It's got some obtrusive ads, so I'll just quote it all here:

\----------

Snooping, in a security context, is unauthorized access to another person's or
company's data. The practice is similar to eavesdropping but is not
necessarily limited to gaining access to data during its transmission.
Snooping can include casual observance of an e-mail that appears on another's
computer screen or watching what someone else is typing. More sophisticated
snooping uses software programs to remotely monitor activity on a computer or
network device. Malicious hackers (crackers) frequently use snooping
techniques and equipment such as keyloggers to monitor keystrokes, capture
passwords and login information, and to intercept e-mail and other private
communications and data transmissions. Corporations sometimes snoop on
employees legitimately to monitor their use of business computers and track
Internet usage; governments may snoop on individuals to collect information
and avert crime and terrorism.

Although snooping has a negative connotation in general, in computer
technology snooping can refer to any program or utility that performs a
monitoring function. For example, a snoop server is used to capture network
traffic for analysis, and the snooping protocol monitors information on a
computer bus to ensure efficient processing.

------
noibl
[http://www.tbray.org/ongoing/When/201x/2010/05/30/Feelings-A...](http://www.tbray.org/ongoing/When/201x/2010/05/30/Feelings-
About-Companies#p-3) "What About Apple? · Hating (or loving) them seems about
as equally unreasonable.
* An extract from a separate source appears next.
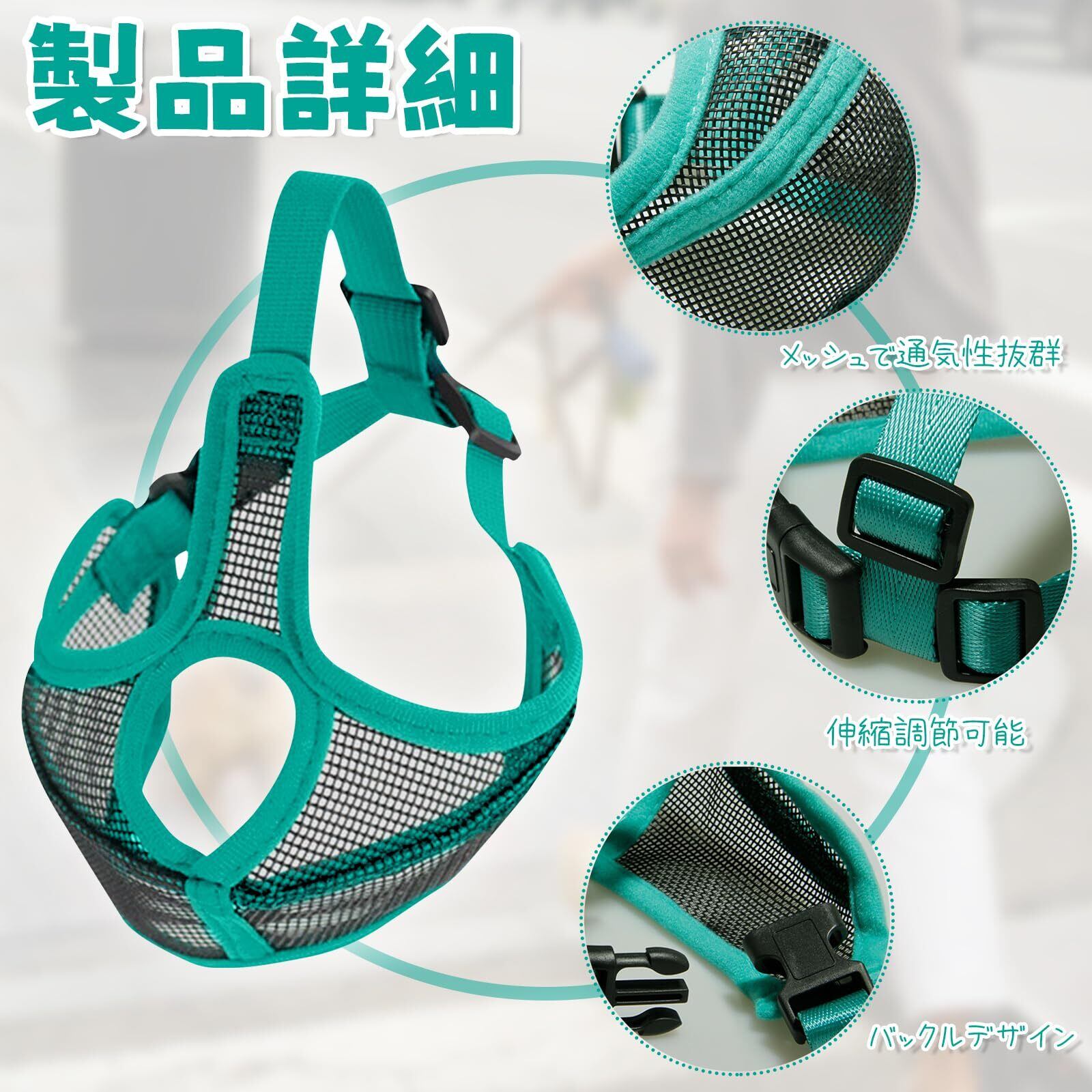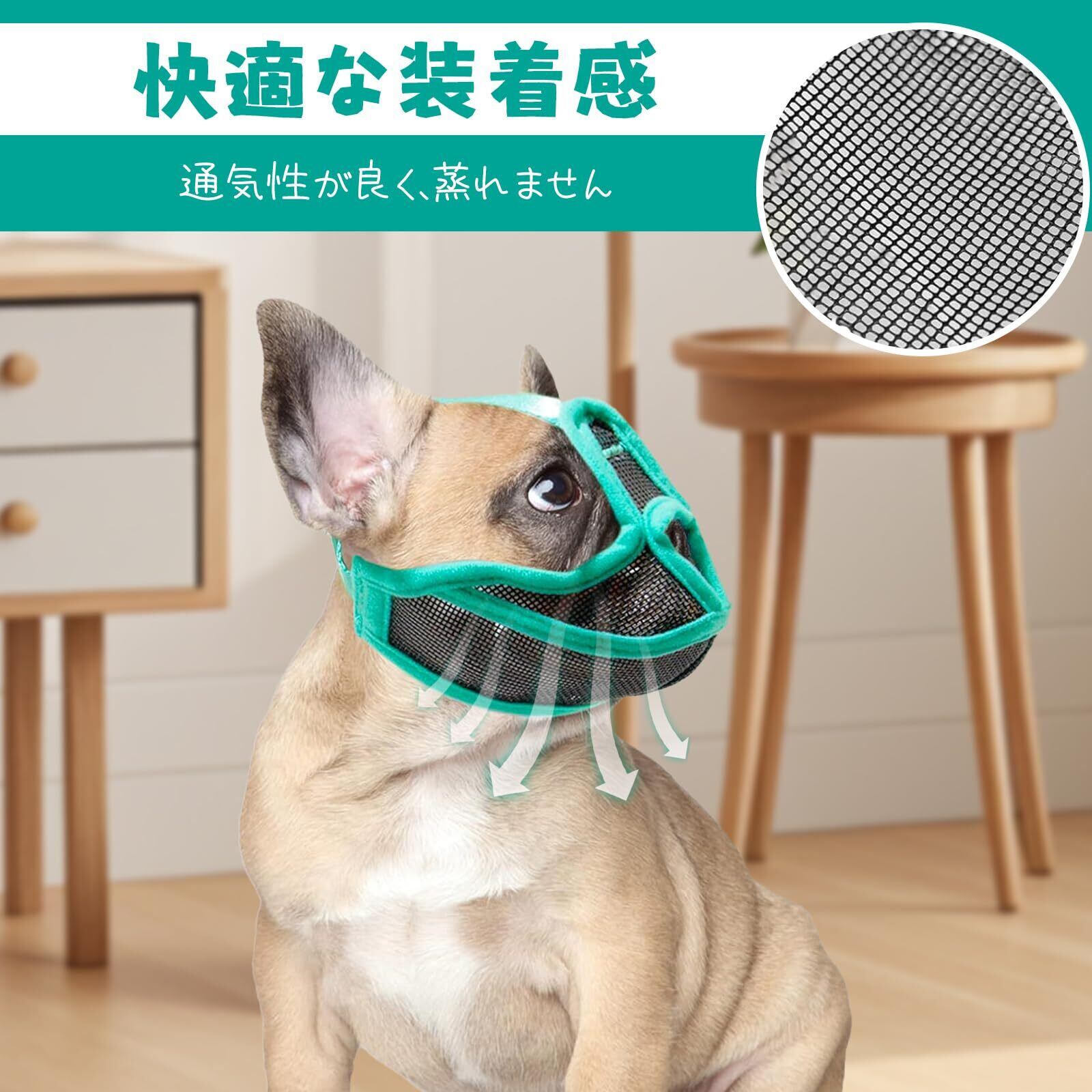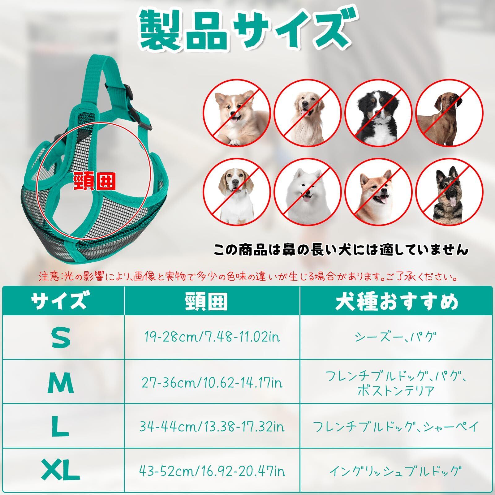 Charming Club 口輪 犬用マズル シアン 4サイズ 無駄吠え癖対策 噛みつき 拾い食い防止 メッシュ通気性よい サイズ調整可能 小型犬 中型犬対応 短い鼻の犬専門 フレンチブルドッグ 着脱しやすい ワンちゃん外出用 忍者マスク造型

I’ve been vocal about my loathing for their app-store
regime but they’re my favorite computer manufacturer ... Apple as a whole? I
look into my soul and honestly can’t scare up much in the way of feelings,
positive or negative."

Kontra responds: "This, incredibly, is the same man who started his Google
“evangelism” gig with the words “I hate it” referring to Apple" -- a
deliberate misquotation. Here's the phrase in context:
[http://www.tbray.org/ongoing/When/201x/2010/03/15/Joining-
Go...](http://www.tbray.org/ongoing/When/201x/2010/03/15/Joining-Google) "The
people who create the apps serve at the landlord’s pleasure and fear his
anger. I hate it." Credibility dented.

It appears that Google's twin hats, advertising (from which it profits) and
software distribution (from which it doesn't, significantly) make it difficult
for critics to 'play the ball' in arguments over software distribution. Sure,
it's easy for Google to take the perceived moral high ground in a space that
is not seen as crucial to its success. That's a legitimate argument (although
it contributes nothing to the actual debate). Drawing analogies to its other
businesses such as search, advertising and maps, and sneering about how those
are not 'open' is not legitimate argument. It's distraction.

------
ErrantX
Sounds like a troll to me...

flag it and move on.